Joanna frowned into her governess’s face. ‘They should never have left me.’

‘They didn’t want to. Your mother was very, very sad. But your poor grandmother pleaded so and at last your father said you might stay for … a while.’

‘And that time is up now? That’s it, is it?’

‘You are going to England.’

For the first time Joanna was afraid. She threw herself at Edeline. ‘I shall leave Grandmother … my uncle the King … all the people here I know …’ She raised her eyes to Edeline’s face fearfully and dared not to ask the question which rose to her lips. Edeline answered it. ‘I shall come with you.’

Joanna sighed deeply. It was clear that she had found great comfort.

‘When shall we go?’

‘It will not be long.’

‘Oh my poor, poor grandmother!’


* * *

The Dowager Queen of Castile could have echoed those words. What would she do without the child on whom she doted? Life had been unfair to Joanna of Castile. She had never been loved as she had longed to be. Henry III had once asked for her hand and then when she had believed herself to be on the verge of marriage he had discarded her for Eleanor of Provence. It had been humiliating beyond endurance. Her mother had been similarly treated in a way and by an English king. Richard whom they called Coeur de Lion had been her betrothed and as a young girl she had been sent to England. But she had at least been beloved by Henry II who had seduced her when she was a child in the schoolroom and kept her as his mistress so that it was only natural that Richard should reject her. Then she had been married late to the Earl of Ponthieu who had been Queen Joanna’s father and they had produced but the one girl child. This child – rejected by the King of England – had at length been married to the King of Castile, but when he was old and she was almost past child-bearing, so she had had only one daughter – her dear gentle Eleanor who was now the wife of Edward of England. It had been a humiliating life and when her daughter had married and gone out of it she had yearned for someone to replace her.

Then had come Edward and Eleanor on their way home from the crusade with their dear little baby, who had been born in Acre, and when she had seen the child – named after herself, which seemed to make her more especially hers – she had implored them to leave the child with her. Rather to her surprise and to her intense delight they had done so. Of course they had stressed the point that one day little Joanna would have to come home, but she had refused to think of that day. Now it had come.

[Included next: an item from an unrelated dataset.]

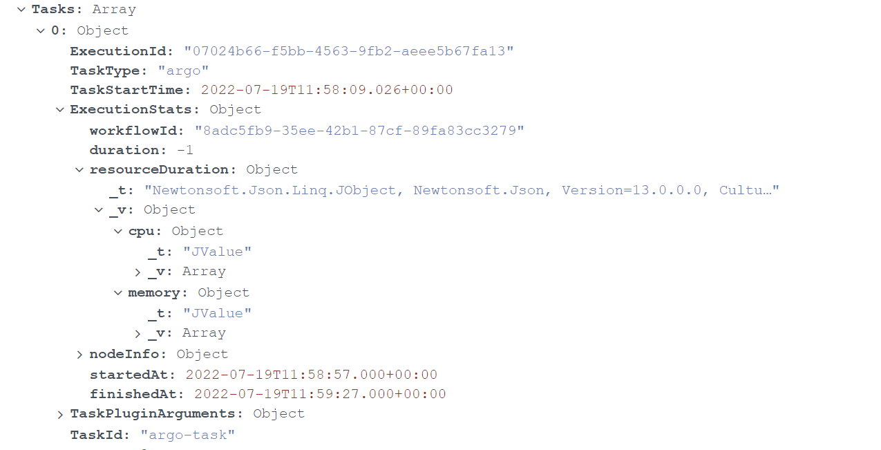 Execution stats not working with objects of objects in mongo(it was storing it as a jobject) so parsing it as strings instead.

They had made a match for her. A match, thought the Dowager Queen indignantly. A match for a baby!

And they were going to take her darling away from her. She could not bear it.

There was no one she could discuss it with except the Lady Edeline. Her half-brother the King had his own affairs and that of a child being returned to her parents seemed a very small one to him.

Lady Edeline came to her and told her that the Princess Joanna had guessed that she was going to England.

The Queen opened her eyes very wide and stared at Edeline. ‘But how … could she know?’

‘She noticed your melancholy and thought it had something to do with herself and from that she guessed.’

‘Is she not a very clever child, Edeline? Fancy! So she knew.’

‘She is bright and sees herself as the centre of life. Everything that happens she believes must concern her. That was how she came to her conclusion.’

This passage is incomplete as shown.